## What to work on
Below this line are records; transcribe exactly the lines between the one holding "space exploration attire" and the one holding "Разработка дизайна главной", inclusive, and omit the pictures.

[Extracted information — start]

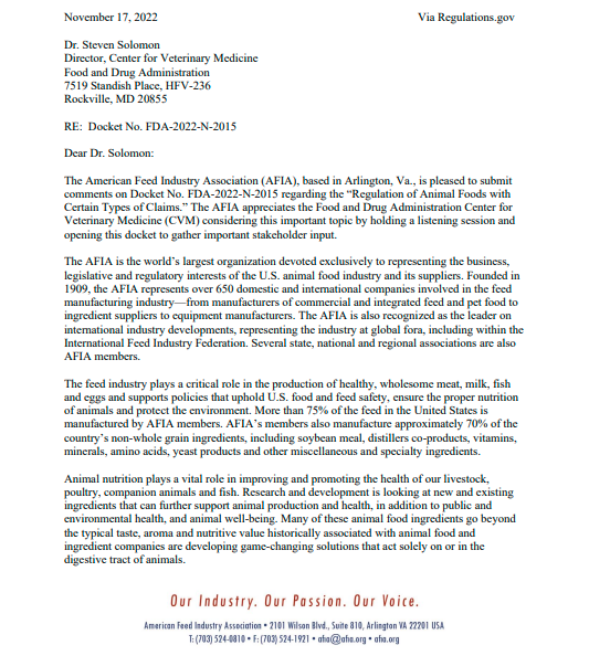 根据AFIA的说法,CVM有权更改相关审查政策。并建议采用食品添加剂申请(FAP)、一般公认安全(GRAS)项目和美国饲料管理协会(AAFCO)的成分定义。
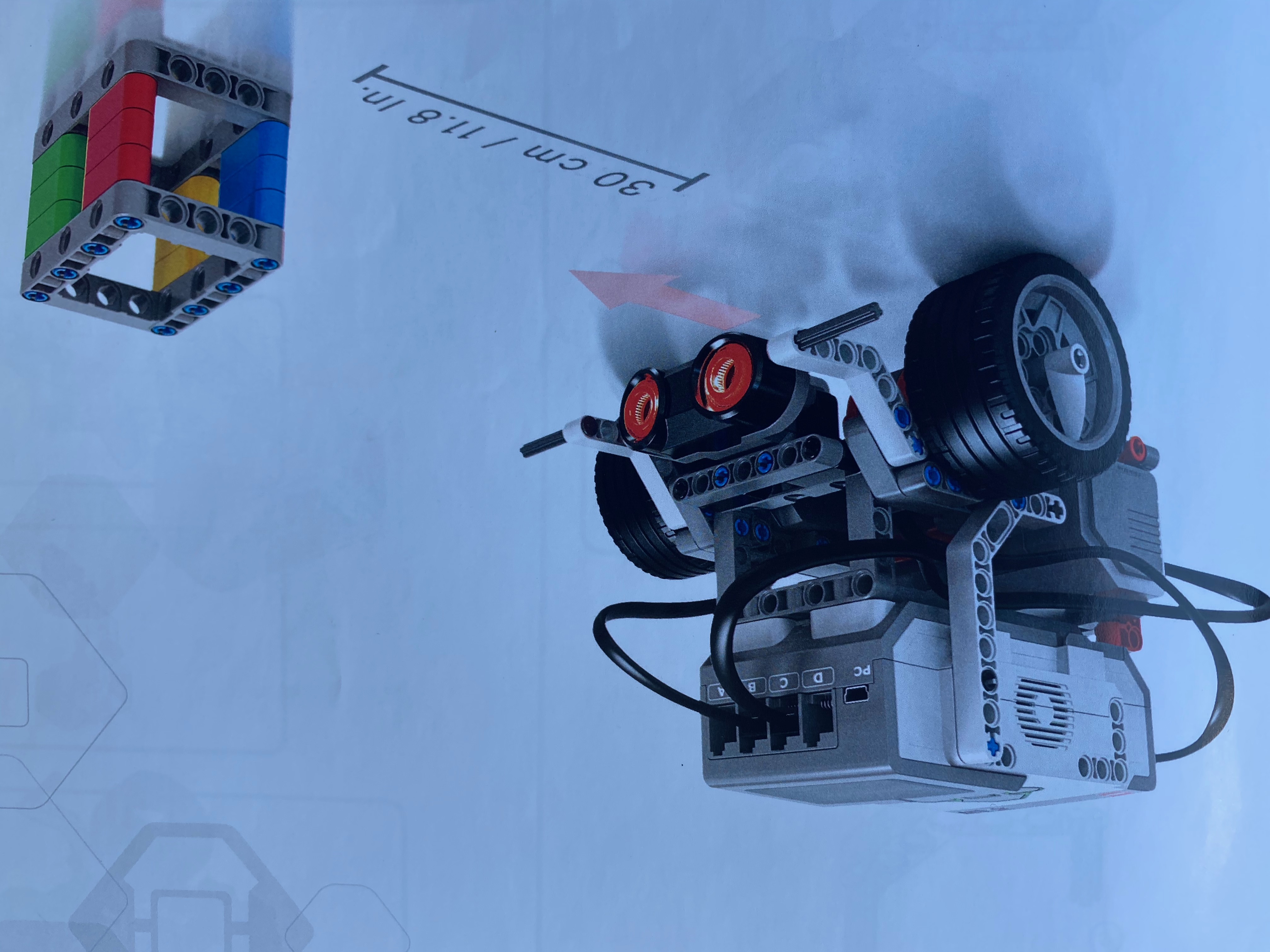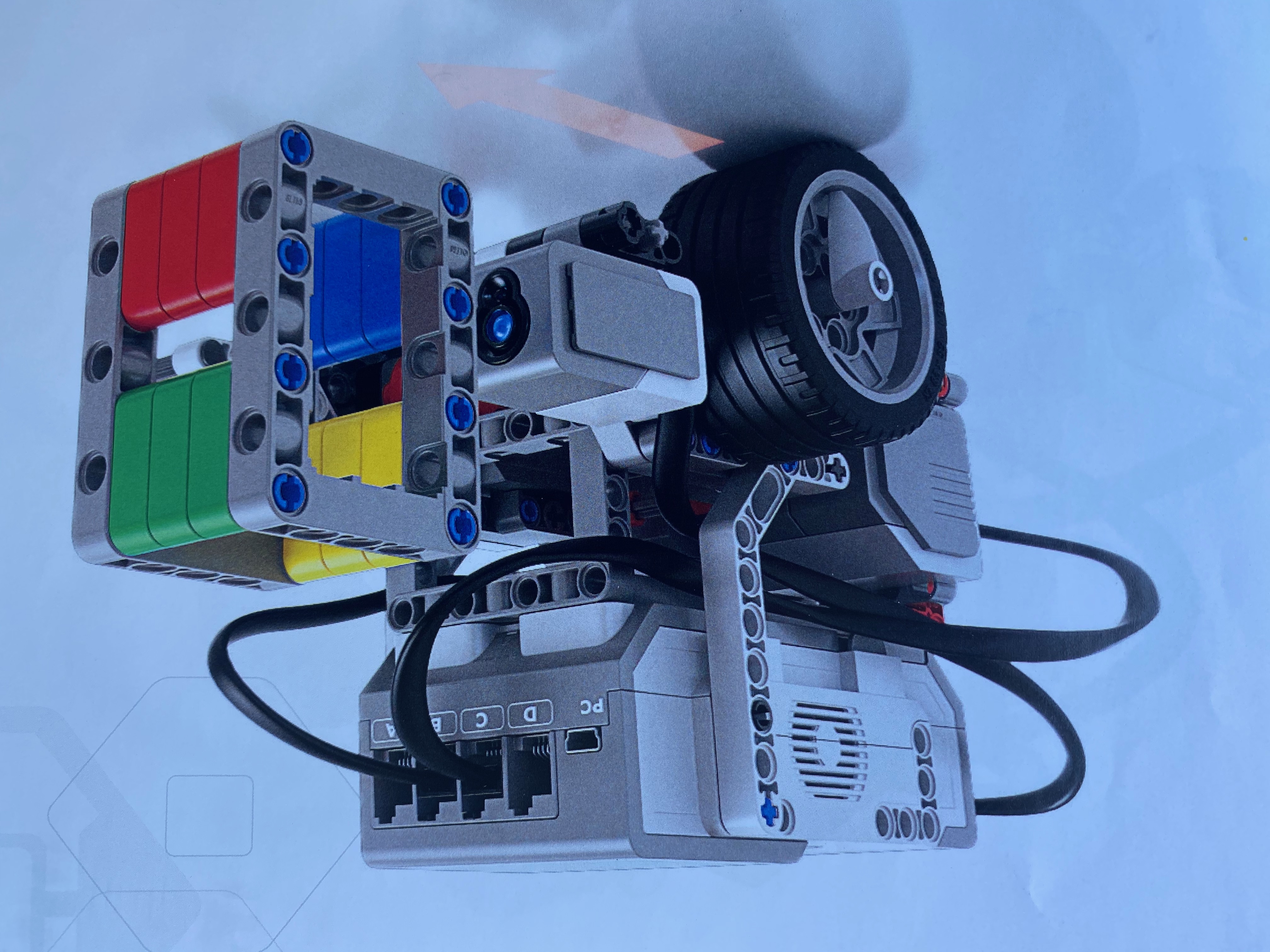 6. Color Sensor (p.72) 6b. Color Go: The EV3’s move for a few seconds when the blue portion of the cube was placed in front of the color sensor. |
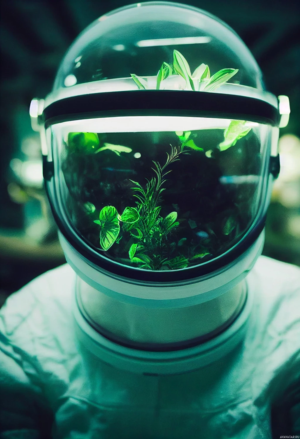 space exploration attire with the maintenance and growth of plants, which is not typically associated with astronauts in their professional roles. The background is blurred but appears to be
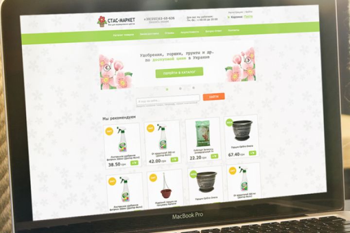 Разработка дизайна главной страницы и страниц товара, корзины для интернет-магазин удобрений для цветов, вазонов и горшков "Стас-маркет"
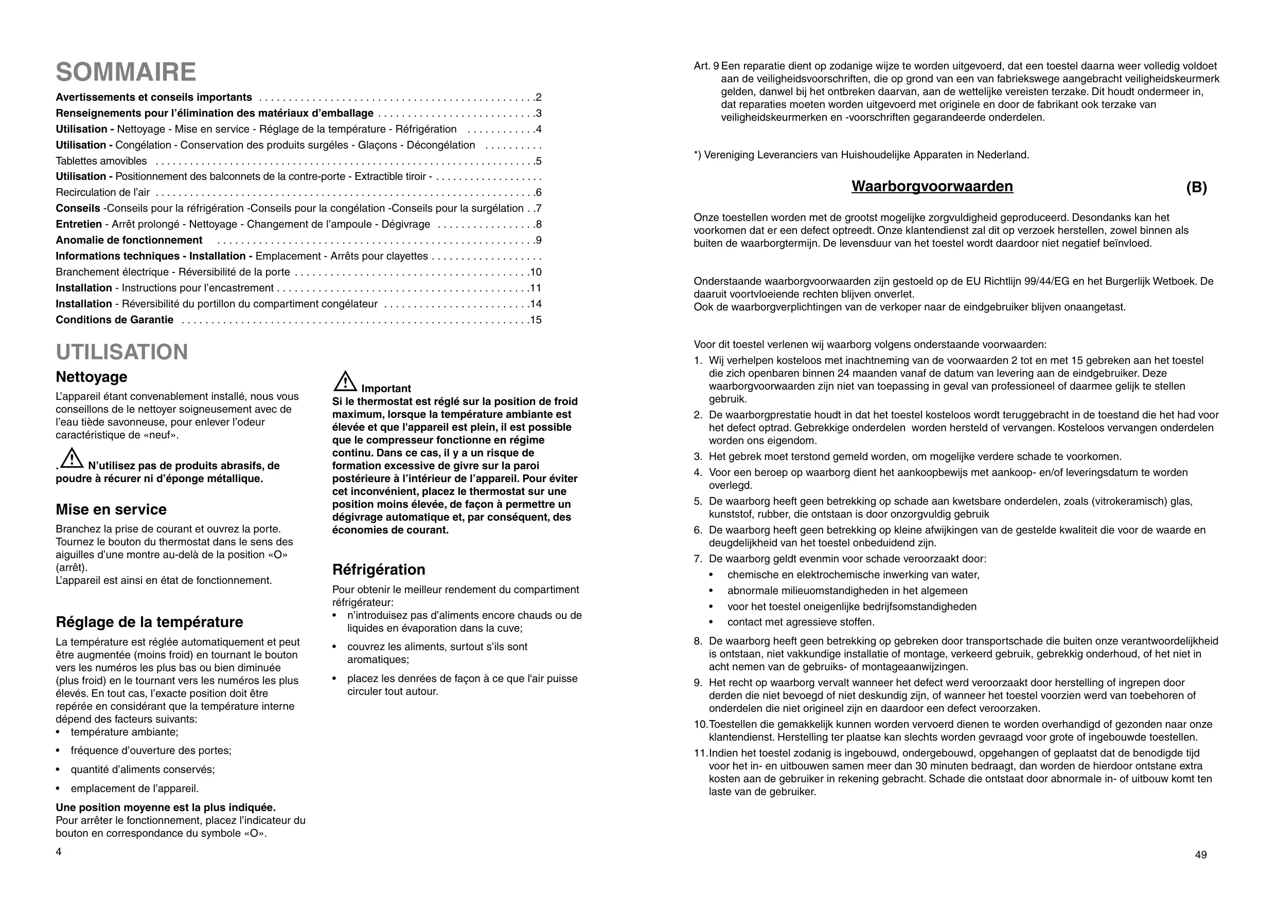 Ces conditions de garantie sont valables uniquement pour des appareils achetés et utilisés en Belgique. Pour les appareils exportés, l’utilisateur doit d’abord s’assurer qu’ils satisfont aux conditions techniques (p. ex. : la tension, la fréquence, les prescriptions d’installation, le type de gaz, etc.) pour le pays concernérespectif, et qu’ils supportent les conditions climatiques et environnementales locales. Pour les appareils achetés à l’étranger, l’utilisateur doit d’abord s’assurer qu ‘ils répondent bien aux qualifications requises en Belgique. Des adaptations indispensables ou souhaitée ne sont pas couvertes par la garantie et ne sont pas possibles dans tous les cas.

[Extracted information — finish]

## Task output
 space exploration attire with the maintenance and growth of plants, which is not typically associated with astronauts in their professional roles. The background is blurred but appears to be
 Разработка дизайна главной страницы и страниц товара, корзины для интернет-магазин удобрений для цветов, вазонов и горшков "Стас-маркет"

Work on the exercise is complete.